Records to process:
%%
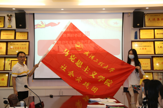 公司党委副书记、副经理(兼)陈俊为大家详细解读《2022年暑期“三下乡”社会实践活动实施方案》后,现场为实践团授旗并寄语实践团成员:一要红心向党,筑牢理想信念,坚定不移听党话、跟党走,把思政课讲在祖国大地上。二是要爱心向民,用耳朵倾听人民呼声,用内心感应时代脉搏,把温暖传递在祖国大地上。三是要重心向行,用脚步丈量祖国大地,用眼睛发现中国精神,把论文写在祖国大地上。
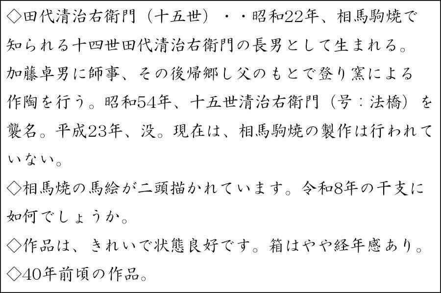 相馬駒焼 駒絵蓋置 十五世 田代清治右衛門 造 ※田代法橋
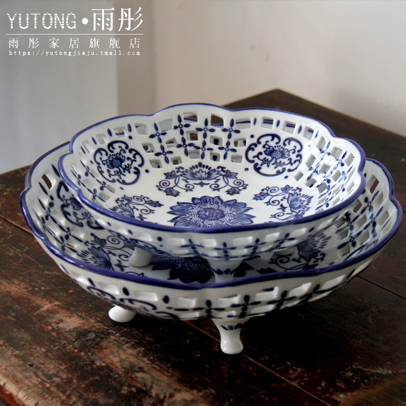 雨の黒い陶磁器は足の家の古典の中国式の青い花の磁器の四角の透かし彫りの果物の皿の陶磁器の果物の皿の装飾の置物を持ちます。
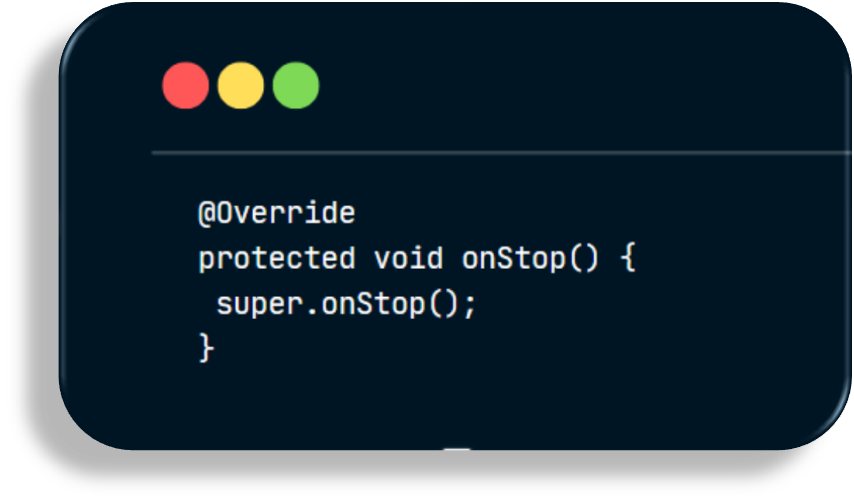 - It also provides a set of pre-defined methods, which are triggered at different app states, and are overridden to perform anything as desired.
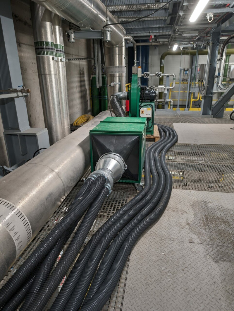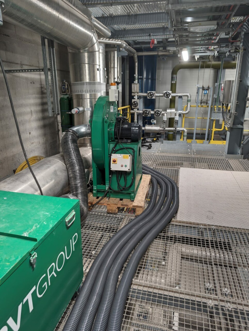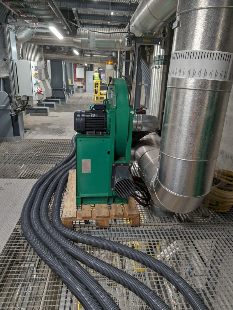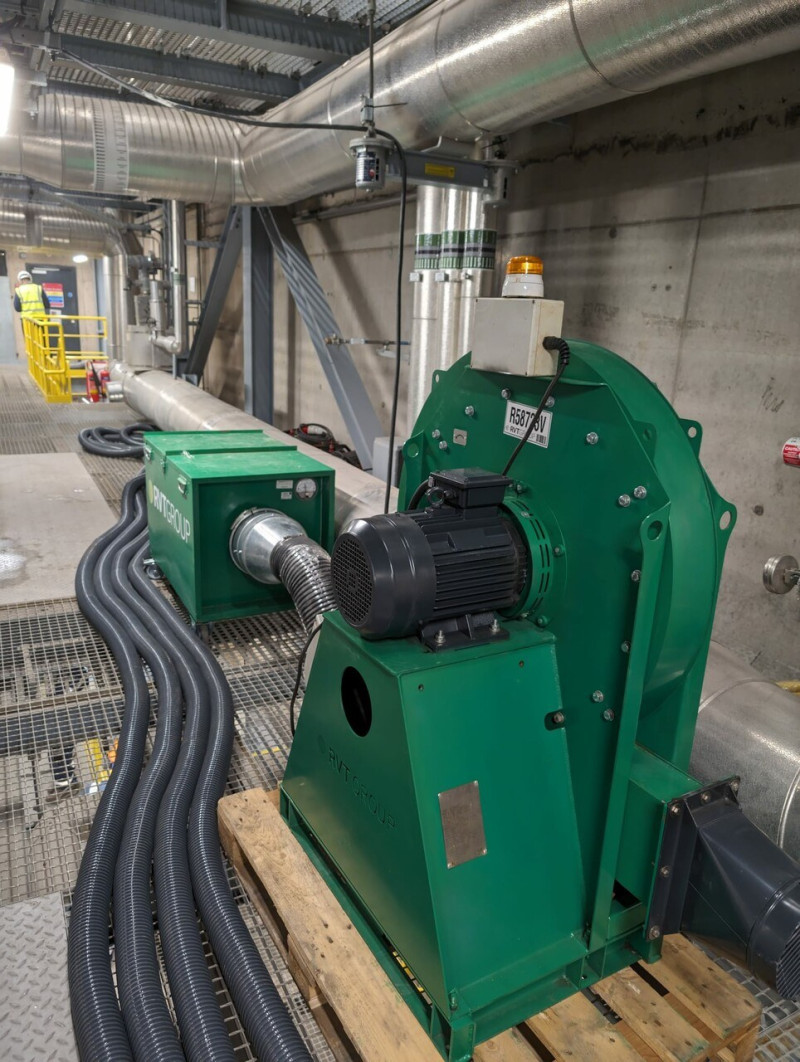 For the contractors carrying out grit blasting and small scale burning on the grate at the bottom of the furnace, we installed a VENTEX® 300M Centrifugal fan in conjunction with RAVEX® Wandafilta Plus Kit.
%%
Task details: From the line with "雨の黒い陶磁器は足の家の古典" through the end of the listing, write out every line exactly, leaving out the pictures.

Reply to the exercise:
 雨の黒い陶磁器は足の家の古典の中国式の青い花の磁器の四角の透かし彫りの果物の皿の陶磁器の果物の皿の装飾の置物を持ちます。
 - It also provides a set of pre-defined methods, which are triggered at different app states, and are overridden to perform anything as desired.
 For the contractors carrying out grit blasting and small scale burning on the grate at the bottom of the furnace, we installed a VENTEX® 300M Centrifugal fan in conjunction with RAVEX® Wandafilta Plus Kit.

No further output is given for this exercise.